Early Thursday morning, eight former University of Michigan employees filed a federal lawsuit against the University for wrongful termination for participation in pro-Palestinian protests. The plaintiffs, one full-time employee and seven student workers, argued the University violated First and Fourteenth Amendment rights of free speech and the right to due process. The lawsuit states that termination of employee contracts and bans from future employment did not occur until the Ruthven sit-in protest on Nov. 17, 2023. The Sugar Law Center for Economic and Social Justice and American-Arab Anti-Discrimination Committee will represent the plaintiffs in the 36th District Court in Detroit.

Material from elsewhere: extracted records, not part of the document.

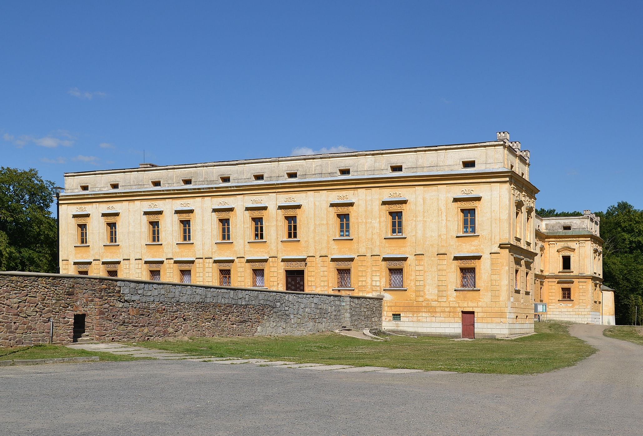 Chateau Slezské Rudoltice (Rosswald)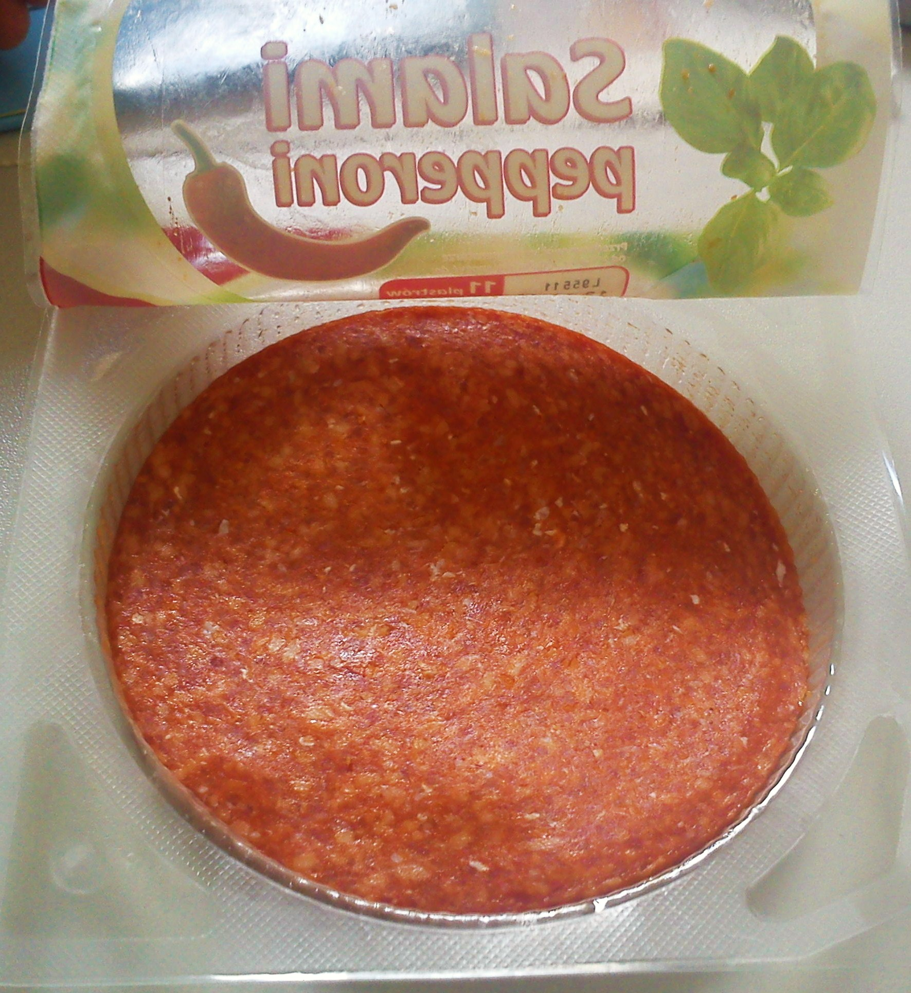 Salami pepperoni produced by Zimbo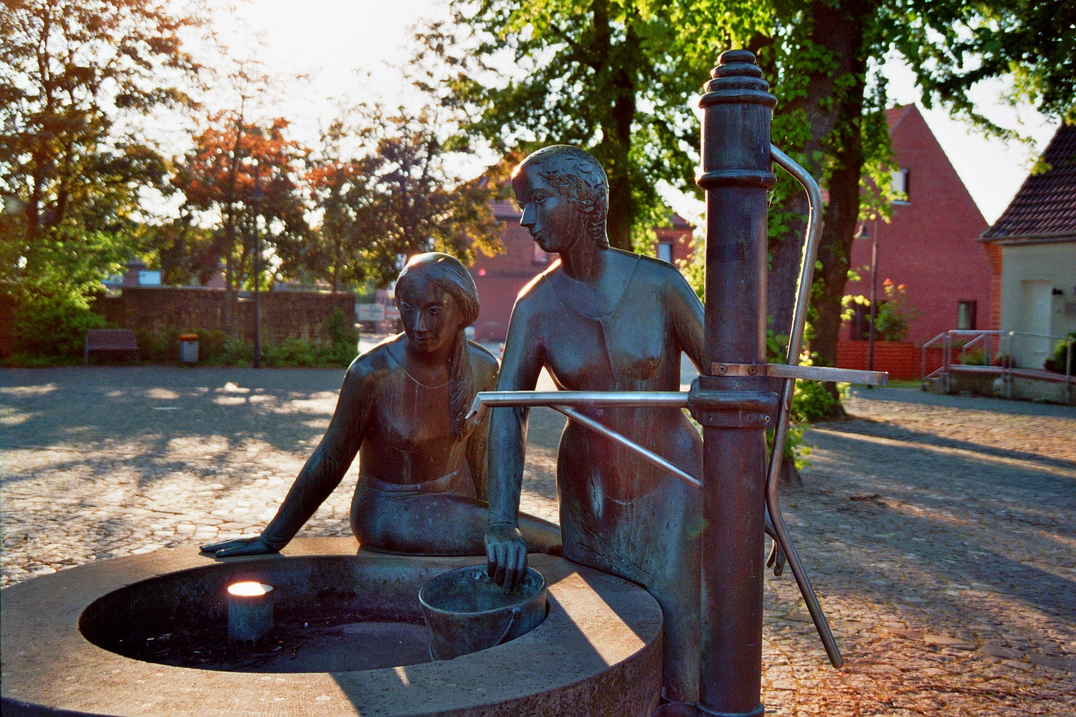 Sculpture group Brunnengeflüster - Dorfbrunnen, a work of Anne Daubenspeck-Focke (1991), in Saerbeck, Kreis Steinfurt, North Rhine-Westphalia, Germany.

In a press release by the ADC, John Philo, executive and legal director of the Sugar Law Center, wrote that the terminations were carried out due to pro-Palestinian speech, not because of misbehavior as employees.

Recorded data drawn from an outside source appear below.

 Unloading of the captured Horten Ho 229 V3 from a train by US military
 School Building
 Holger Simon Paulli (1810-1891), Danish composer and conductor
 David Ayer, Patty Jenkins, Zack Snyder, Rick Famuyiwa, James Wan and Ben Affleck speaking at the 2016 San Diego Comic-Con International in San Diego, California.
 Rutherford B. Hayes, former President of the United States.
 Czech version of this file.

“Sadly, the University of Michigan is trying to resurrect an old but previously discarded tactic of firing and blacklisting workers whose viewpoints they don’t agree with,” Philo wrote. “By all accounts, each of our clients was a dedicated employee performing necessary work for the University. University officials and Michigan’s Attorney General have taken many seemingly coordinated actions to undermine the free speech of pro-Palestine protesters on campus.”

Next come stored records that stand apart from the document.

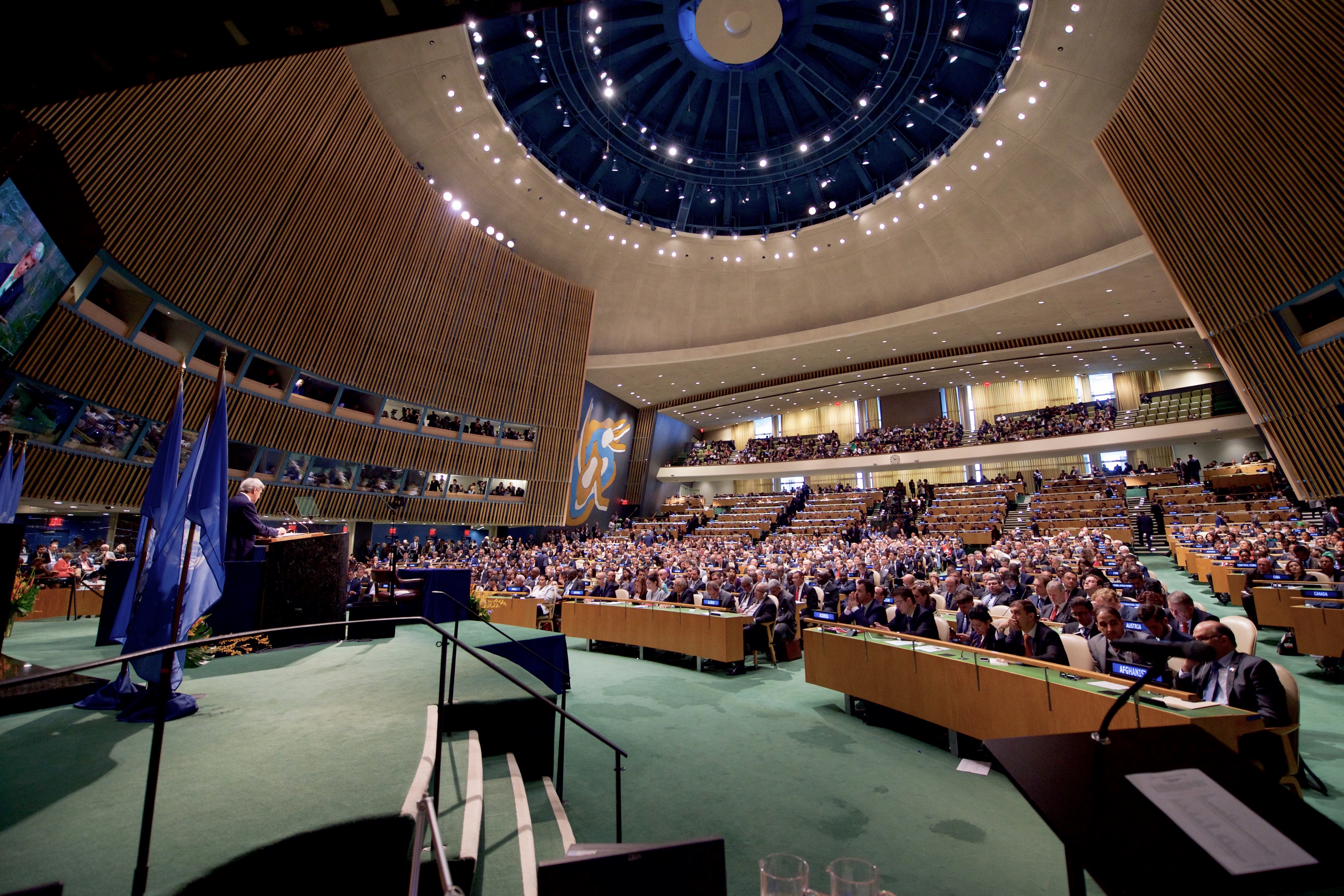 U.S. Secretary of State John Kerry addresses delegates before he signed the COP21 Climate Change Agreement on Earth Day, April 22, 2016, at the United Nations General Assembly Hall in New York, N.Y. [State Department photo/ Public Domain]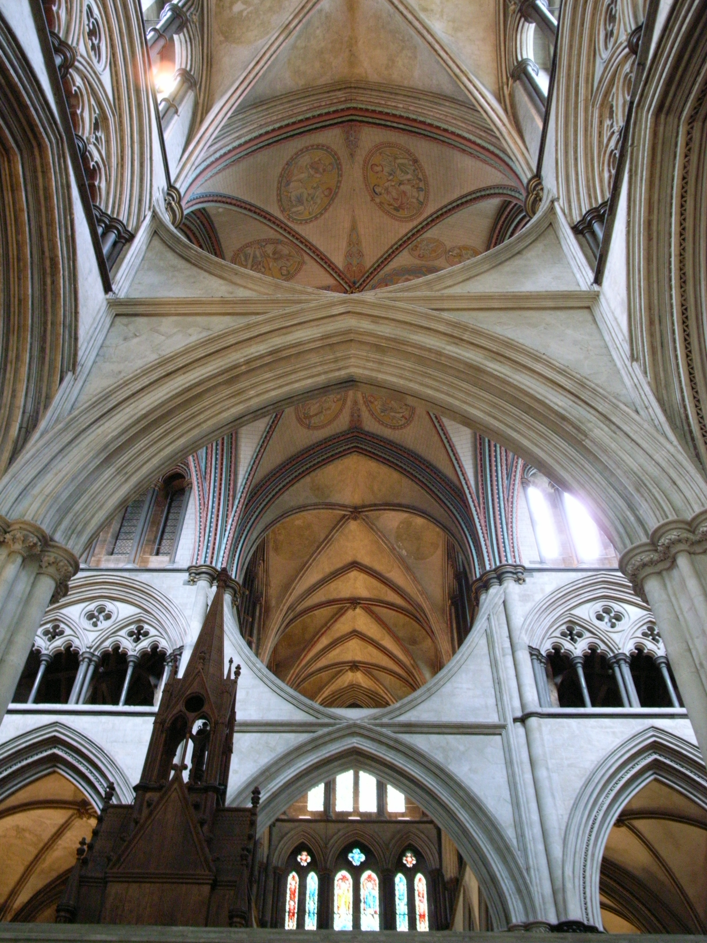 Salisbury Cathedral - the scissor arches inserted behind the crossing tower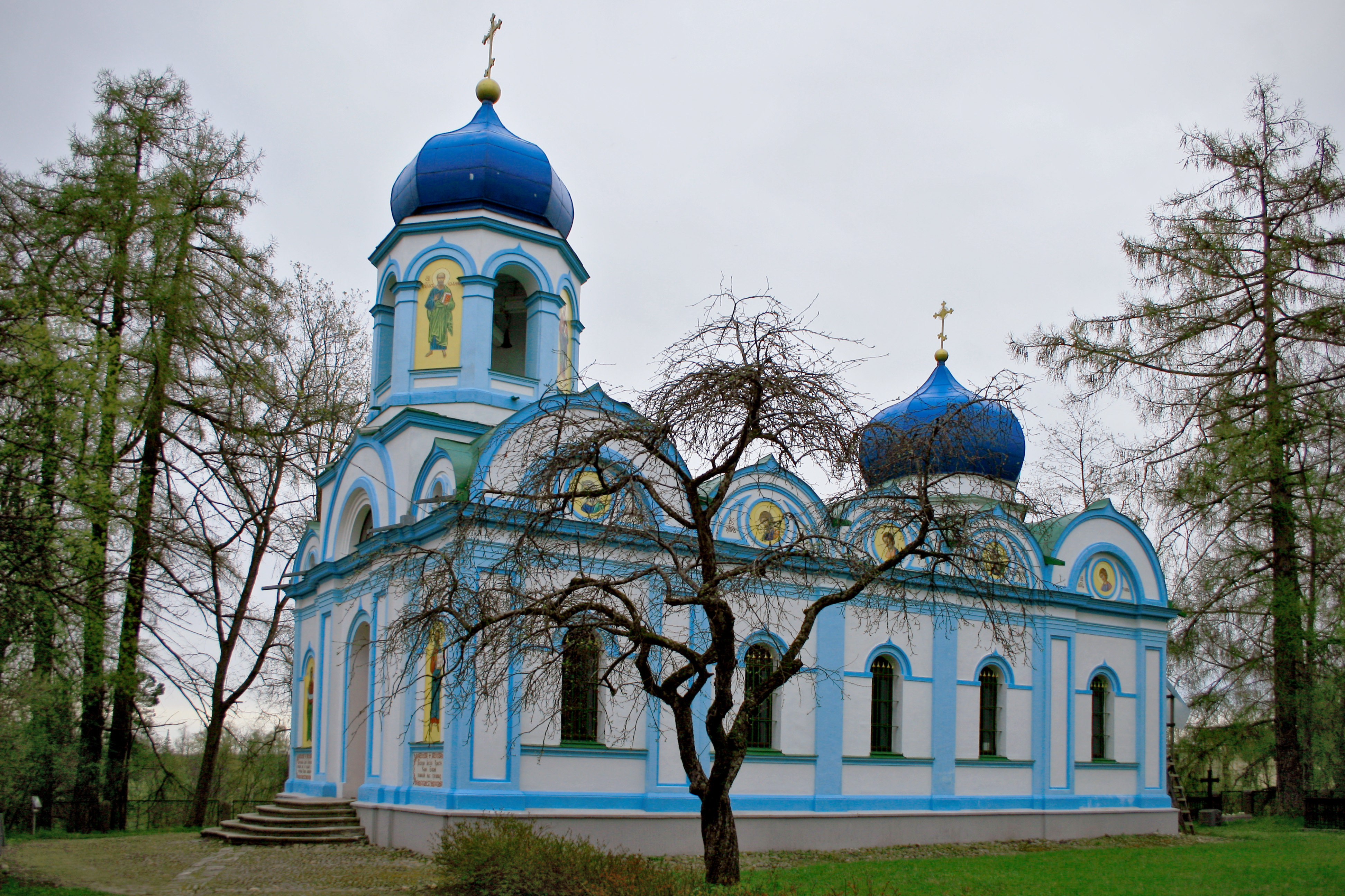 Cēsis Transfiguration of Christ Orthodox ChurchLatviešu: Cēsu Kristus Apskaidrošanas pareizticīgo baznīca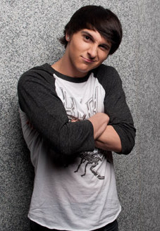 Mitchel Musso on Walmart Soundcheck, April 2011.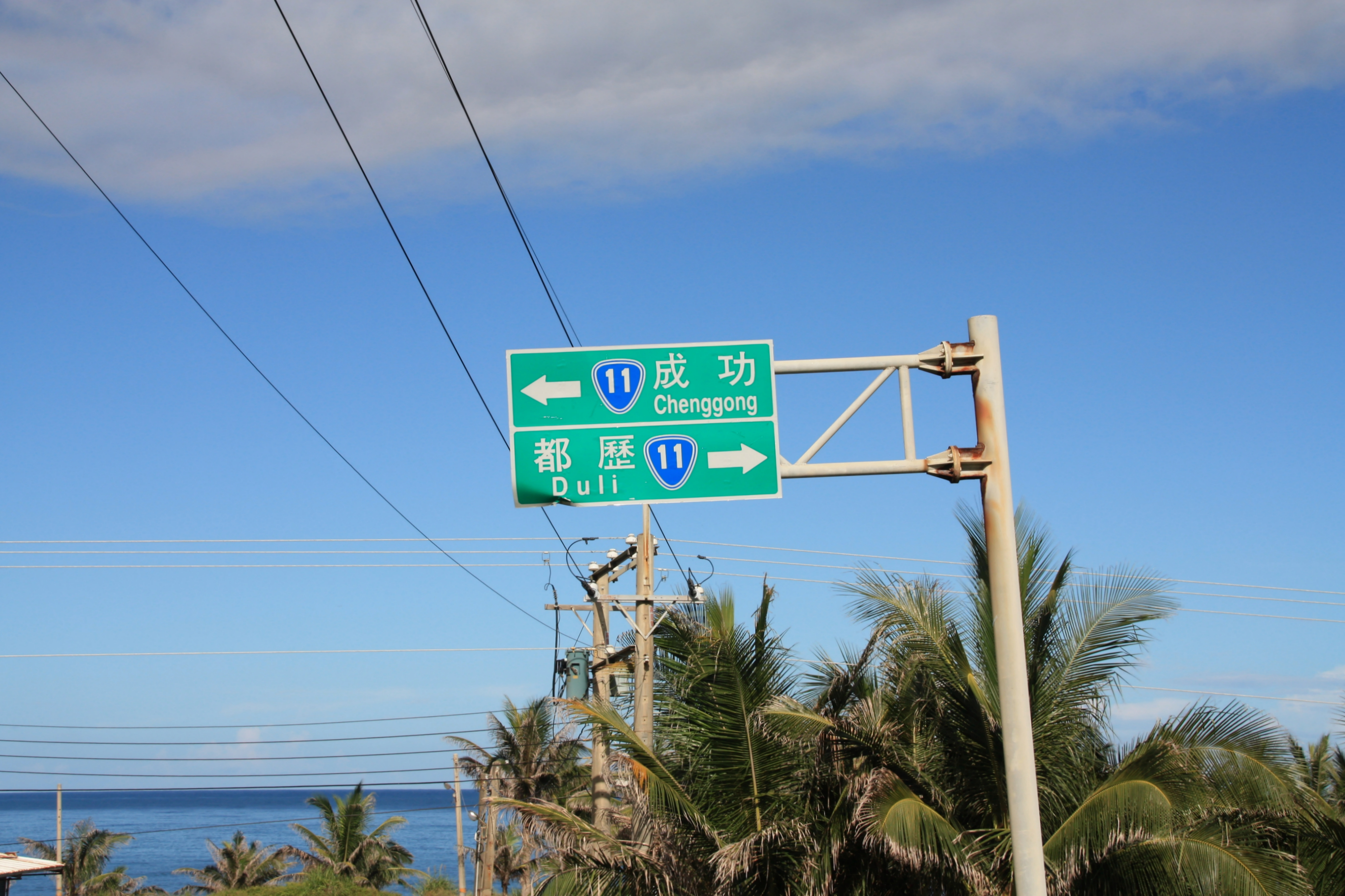 Taitung CountyChenggong TownshipHéPíng Rd (HWY 11)

Chris Godshall-Bennett, legal director of the ADC, wrote in the press release that the terminations are representative of a nationwide repression of pro-Palestinian speech.
“There is a nationwide assault on freedom of expression if you support the rights of the Palestinian people,” Godshall-Bennett wrote. “The contempt for the constitutional rights of pro-Palestine advocates should be offensive to anyone who values their right to speak. The government, whether federal, state, or a public university, cannot punish you because they don’t agree with you, even if you work for them. We will not cede these rights and those who violate them will be held to account.”